Exercise requirements
The answer is an exact repeat of the entries below, with the pictures omitted.

(Stored data entries)
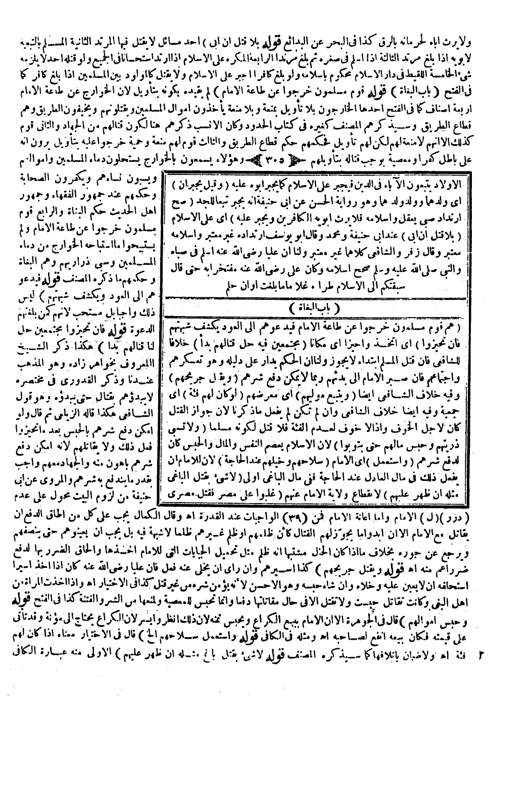 (قَوْلُهُ: قَوْمٌ مُسْلِمُونَ خَرَجُوا عَنْ طَاعَةِ الْإِمَامِ) لَمْ يُقَيِّدْهُ بِكَوْنِهِ بِتَأْوِيلٍ؛ لِأَنَّ الْخَوَارِجَ عَنْ طَاعَةِ الْإِمَامِ أَرْبَعَةُ أَصْنَافٍ كَمَا فِي الْفَتْحِ: أَحَدُهَا: الْخَارِجُونَ بِلَا تَأْوِيلٍ بِمَنَعَةٍ وَبِلَا مَنَعَةٍ يَأْخُذُونَ أَمْوَالَ الْمُسْلِمِينَ وَيَقْتُلُونَهُمْ وَيُخِيفُونَ الطَّرِيقَ وَهُمْ قُطَّاعُ الطَّرِيقِ وَسَيَذْكُرُهُمْ الْمُصَنِّفُ كَغَيْرِهِ فِي كِتَابِ الْحُدُودِ وَكَانَ الْأَنْسَبُ ذِكْرَهُمْ هُنَا لِكَوْنِ قِتَالِهِمْ مِنْ الْجِهَادِ. وَالثَّانِي: قَوْمٌ كَذَلِكَ إلَّا أَنَّهُمْ لَا مَنَعَةَ لَهُمْ لَكِنْ لَهُمْ تَأْوِيلٌ فَحُكْمُهُمْ حُكْمُ قُطَّاعِ الطَّرِيقِ. وَالثَّالِثُ: قَوْمٌ لَهُمْ مَنَعَةٌ وَحَمِيَّةٌ خَرَجُوا عَلَيْهِ بِتَأْوِيلٍ يَرَوْنَ أَنَّهُ عَلَى بَاطِلٍ كُفْرٍ أَوْ مَعْصِيَةٍ يُوجِبُ قِتَالَهُ بِتَأْوِيلِهِمْ وَهَؤُلَاءِ يَسْمَعُونَ بِالْخَوَارِجِ يَسْتَحِلُّونَ دِمَاءَ الْمُسْلِمِينَ وَأَمْوَالَهُمْ وَيَسْبُونَ نِسَاءَهُمْ وَيُكَفِّرُونَ الصَّحَابَةَ وَحُكْمُهُمْ عِنْدَ جُمْهُورِ الْفُقَهَاءِ وَجُمْهُورِ أَهْلِ الْحَدِيثِ حُكْمُ الْبُغَاةِ. وَالرَّابِعُ: قَوْمٌ مُسْلِمُونَ خَرَجُوا عَنْ طَاعَةِ الْإِمَامِ وَلَمْ يَسْتَبِيحُوا مَا اسْتَبَاحَهُ الْخَوَارِجُ مِنْ دِمَاءِ الْمُسْلِمِينَ وَسَبْيِ ذَرَارِيِّهِمْ وَهُمْ الْبُغَاةُ وَحُكْمُهُمْ مَا ذَكَرَهُ الْمُصَنِّفُ.
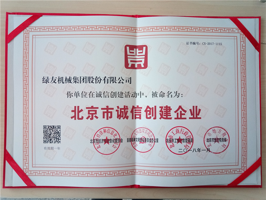 1月,綠友集團通過復審,獲得“北京市誠信創建企業”證書。
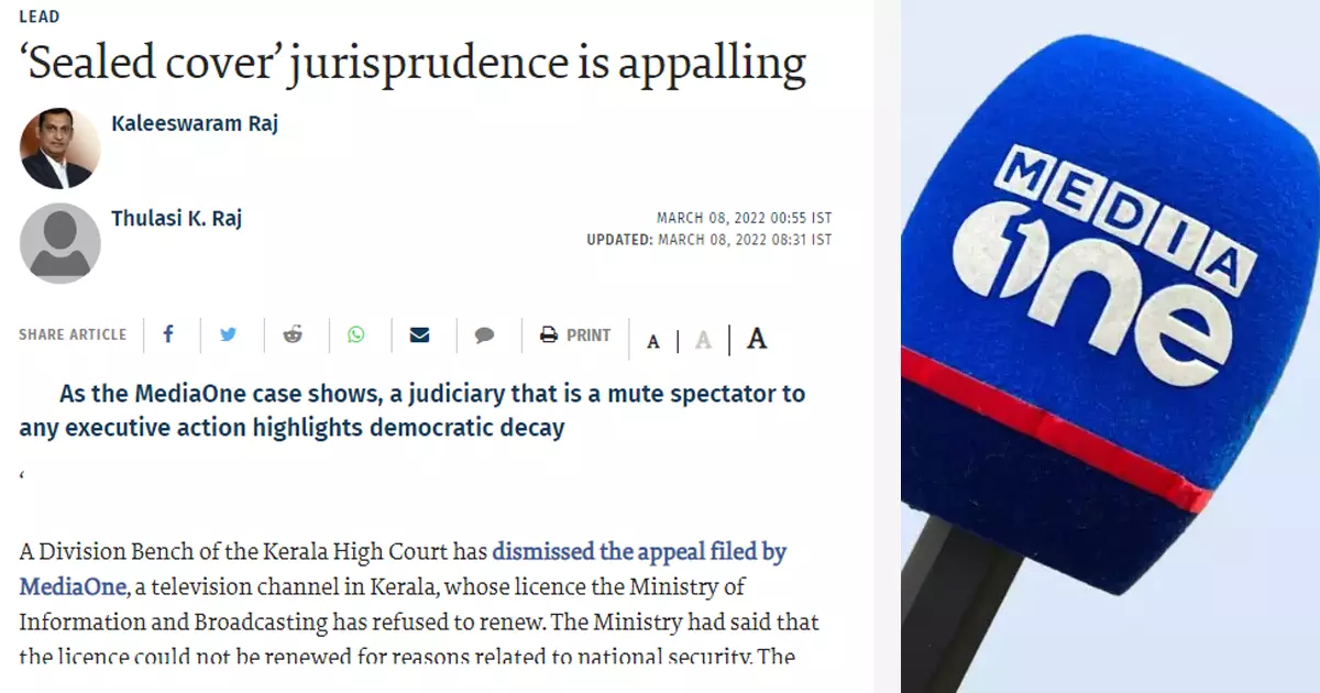 'സീല്ഡ് കവര് വ്യവഹാരം ഭയാനകം': മീഡിയവണ് വിലക്ക് പരാമര്ശിച്ച് ദ ഹിന്ദുവില് ലേഖനം
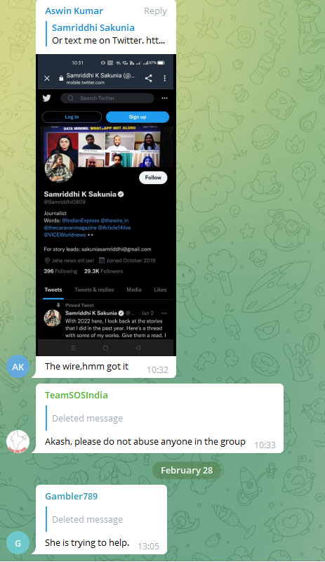 Interstingly, the admin of the Team SOS India Telegram group quickly came out in defence of Samriddhi K Sakunia. It posted, “Talk to journalist, if possible. We need all the support we can get to raise the voice.” Aswin Kumar pointed out that the ‘journalist’ had worked leftist propaganda news portal such as The Wire.
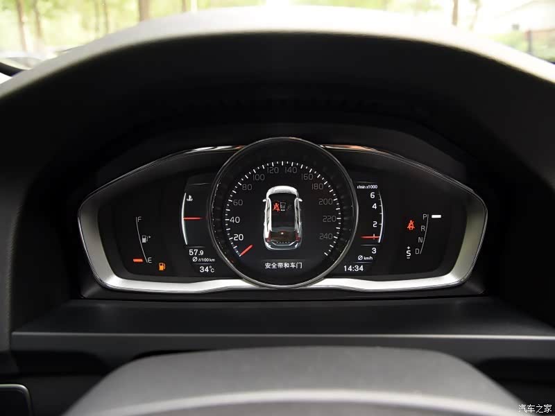 仪表盘设计很有意思,主面板为时速表,转速表则被安放到右侧,一开始没看出来还误以为是油表呢~可见沃尔沃并不想拿高转速来博取车主肾上腺素,这也从某种程度上强调了安全。
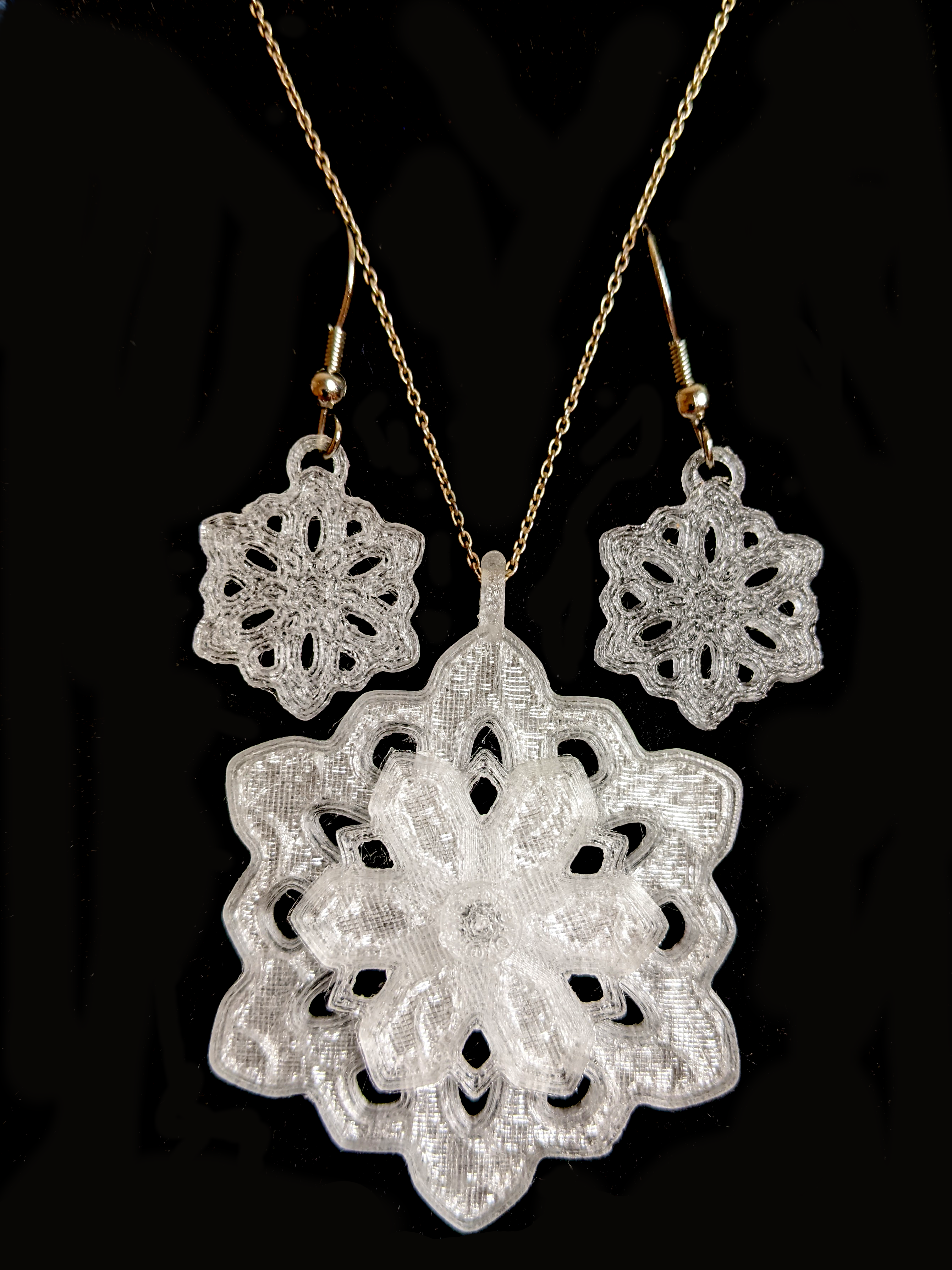 Mặt dây chuyền bông tuyết xoay và hoa tai phù hợp này rất dễ in và siêu nhẹ, đeo thoải mái cả ngày. Phần trên của mặt dây chuyền xoay, hoạt động như một món đồ chơi fidget! Hoàn hảo làm quà tặng và là một chủ đề trò chuyện thú vị.
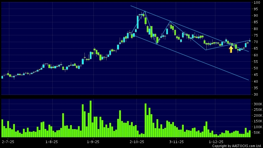 SMIC(00981.HK) appears an upside range breakout. Last printed at 71.050; rose 3.120%; on volume of 69.36M shares and turnover of $4.96BRecent PerformanceIn 3 days: +9.224%In 5 days...
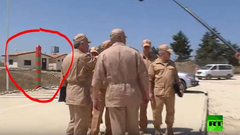 وكشفت الزيارة الأخيرة لوزير الدفاع الروسي سيرجي شويجو، فضيحة جديدة من فضائح السيادة الوطنية التي يعلق عليها نظام الأسد كلّ “الفشل الوطني” الذي يصيبه يوميًا، حيث صوّرت كاميرات الإعلام الروسي، وزير الدفاع الروسي وهو يتجول في أرض قاعدة حميميم الجوية، ولوحظ وجود أعمدة مخططة باللونين الأخضر والأحمر، (مرفق صورة) وهي من العواميد التي تستخدم كقواطع حدودية (borders boundary) وتحديدًا لدولة روسيا الاتحادية.
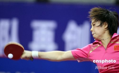 在女團(tuán)比賽中,張怡寧、王楠、郭躍和李曉霞組成女一隊(duì)。圖為張怡寧在比賽中輕取對(duì)手。中新社發(fā) 盛佳鵬 攝
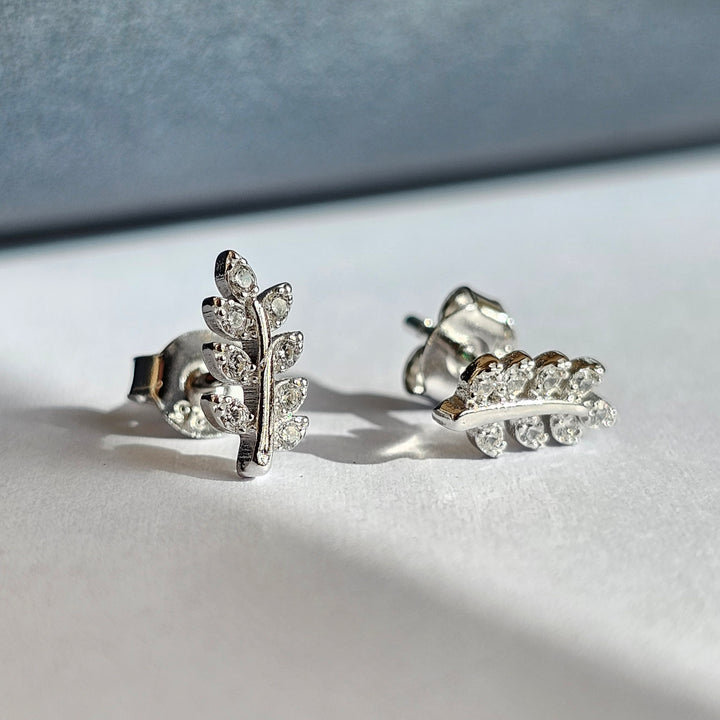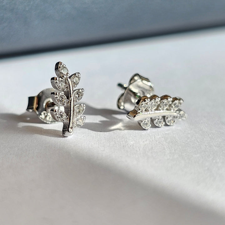 A delicate leaf shape earrings. Sterling silver 925 with beautiful zircone stones
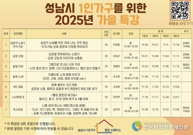 한국사회적경제신문 황인규 기자 | 성남시는 오는 10월 20일부터 12월 29일까지 중원구 하대원동 1인 가구 힐링스페이스에서 총 150명이 참여하는 7개 과목(과목별 20~30명)의 특강을 연다.
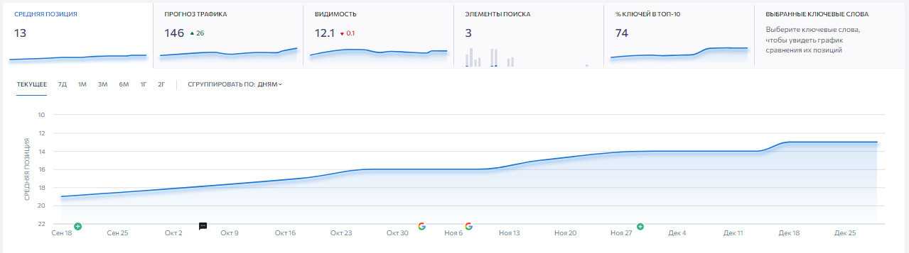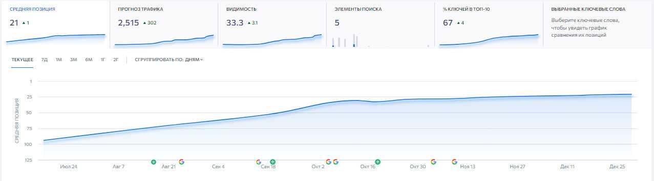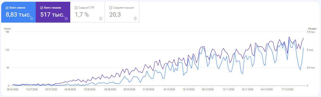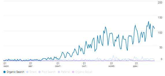 На старте проект был фактически без структуры и не получал трафик, SEO-показатели были очень слабые. За счет проведения комплекса работ по оптимизации, расширению структуры, запуску контент-плана и внедрения бэклинк-стратегии, имеем стремительное развитие сайта, проект получает должный рост в органике, а наша команда — положительный фидбек от клиента.

Solution for this problem
 (قَوْلُهُ: قَوْمٌ مُسْلِمُونَ خَرَجُوا عَنْ طَاعَةِ الْإِمَامِ) لَمْ يُقَيِّدْهُ بِكَوْنِهِ بِتَأْوِيلٍ؛ لِأَنَّ الْخَوَارِجَ عَنْ طَاعَةِ الْإِمَامِ أَرْبَعَةُ أَصْنَافٍ كَمَا فِي الْفَتْحِ: أَحَدُهَا: الْخَارِجُونَ بِلَا تَأْوِيلٍ بِمَنَعَةٍ وَبِلَا مَنَعَةٍ يَأْخُذُونَ أَمْوَالَ الْمُسْلِمِينَ وَيَقْتُلُونَهُمْ وَيُخِيفُونَ الطَّرِيقَ وَهُمْ قُطَّاعُ الطَّرِيقِ وَسَيَذْكُرُهُمْ الْمُصَنِّفُ كَغَيْرِهِ فِي كِتَابِ الْحُدُودِ وَكَانَ الْأَنْسَبُ ذِكْرَهُمْ هُنَا لِكَوْنِ قِتَالِهِمْ مِنْ الْجِهَادِ. وَالثَّانِي: قَوْمٌ كَذَلِكَ إلَّا أَنَّهُمْ لَا مَنَعَةَ لَهُمْ لَكِنْ لَهُمْ تَأْوِيلٌ فَحُكْمُهُمْ حُكْمُ قُطَّاعِ الطَّرِيقِ. وَالثَّالِثُ: قَوْمٌ لَهُمْ مَنَعَةٌ وَحَمِيَّةٌ خَرَجُوا عَلَيْهِ بِتَأْوِيلٍ يَرَوْنَ أَنَّهُ عَلَى بَاطِلٍ كُفْرٍ أَوْ مَعْصِيَةٍ يُوجِبُ قِتَالَهُ بِتَأْوِيلِهِمْ وَهَؤُلَاءِ يَسْمَعُونَ بِالْخَوَارِجِ يَسْتَحِلُّونَ دِمَاءَ الْمُسْلِمِينَ وَأَمْوَالَهُمْ وَيَسْبُونَ نِسَاءَهُمْ وَيُكَفِّرُونَ الصَّحَابَةَ وَحُكْمُهُمْ عِنْدَ جُمْهُورِ الْفُقَهَاءِ وَجُمْهُورِ أَهْلِ الْحَدِيثِ حُكْمُ الْبُغَاةِ. وَالرَّابِعُ: قَوْمٌ مُسْلِمُونَ خَرَجُوا عَنْ طَاعَةِ الْإِمَامِ وَلَمْ يَسْتَبِيحُوا مَا اسْتَبَاحَهُ الْخَوَارِجُ مِنْ دِمَاءِ الْمُسْلِمِينَ وَسَبْيِ ذَرَارِيِّهِمْ وَهُمْ الْبُغَاةُ وَحُكْمُهُمْ مَا ذَكَرَهُ الْمُصَنِّفُ.
 1月,綠友集團通過復審,獲得“北京市誠信創建企業”證書。
 'സീല്ഡ് കവര് വ്യവഹാരം ഭയാനകം': മീഡിയവണ് വിലക്ക് പരാമര്ശിച്ച് ദ ഹിന്ദുവില് ലേഖനം
 Interstingly, the admin of the Team SOS India Telegram group quickly came out in defence of Samriddhi K Sakunia. It posted, “Talk to journalist, if possible. We need all the support we can get to raise the voice.” Aswin Kumar pointed out that the ‘journalist’ had worked leftist propaganda news portal such as The Wire.
 仪表盘设计很有意思,主面板为时速表,转速表则被安放到右侧,一开始没看出来还误以为是油表呢~可见沃尔沃并不想拿高转速来博取车主肾上腺素,这也从某种程度上强调了安全。
 Mặt dây chuyền bông tuyết xoay và hoa tai phù hợp này rất dễ in và siêu nhẹ, đeo thoải mái cả ngày. Phần trên của mặt dây chuyền xoay, hoạt động như một món đồ chơi fidget! Hoàn hảo làm quà tặng và là một chủ đề trò chuyện thú vị.
 SMIC(00981.HK) appears an upside range breakout. Last printed at 71.050; rose 3.120%; on volume of 69.36M shares and turnover of $4.96BRecent PerformanceIn 3 days: +9.224%In 5 days...
 وكشفت الزيارة الأخيرة لوزير الدفاع الروسي سيرجي شويجو، فضيحة جديدة من فضائح السيادة الوطنية التي يعلق عليها نظام الأسد كلّ “الفشل الوطني” الذي يصيبه يوميًا، حيث صوّرت كاميرات الإعلام الروسي، وزير الدفاع الروسي وهو يتجول في أرض قاعدة حميميم الجوية، ولوحظ وجود أعمدة مخططة باللونين الأخضر والأحمر، (مرفق صورة) وهي من العواميد التي تستخدم كقواطع حدودية (borders boundary) وتحديدًا لدولة روسيا الاتحادية.
 在女團(tuán)比賽中,張怡寧、王楠、郭躍和李曉霞組成女一隊(duì)。圖為張怡寧在比賽中輕取對(duì)手。中新社發(fā) 盛佳鵬 攝
 A delicate leaf shape earrings. Sterling silver 925 with beautiful zircone stones
 한국사회적경제신문 황인규 기자 | 성남시는 오는 10월 20일부터 12월 29일까지 중원구 하대원동 1인 가구 힐링스페이스에서 총 150명이 참여하는 7개 과목(과목별 20~30명)의 특강을 연다.
 На старте проект был фактически без структуры и не получал трафик, SEO-показатели были очень слабые. За счет проведения комплекса работ по оптимизации, расширению структуры, запуску контент-плана и внедрения бэклинк-стратегии, имеем стремительное развитие сайта, проект получает должный рост в органике, а наша команда — положительный фидбек от клиента.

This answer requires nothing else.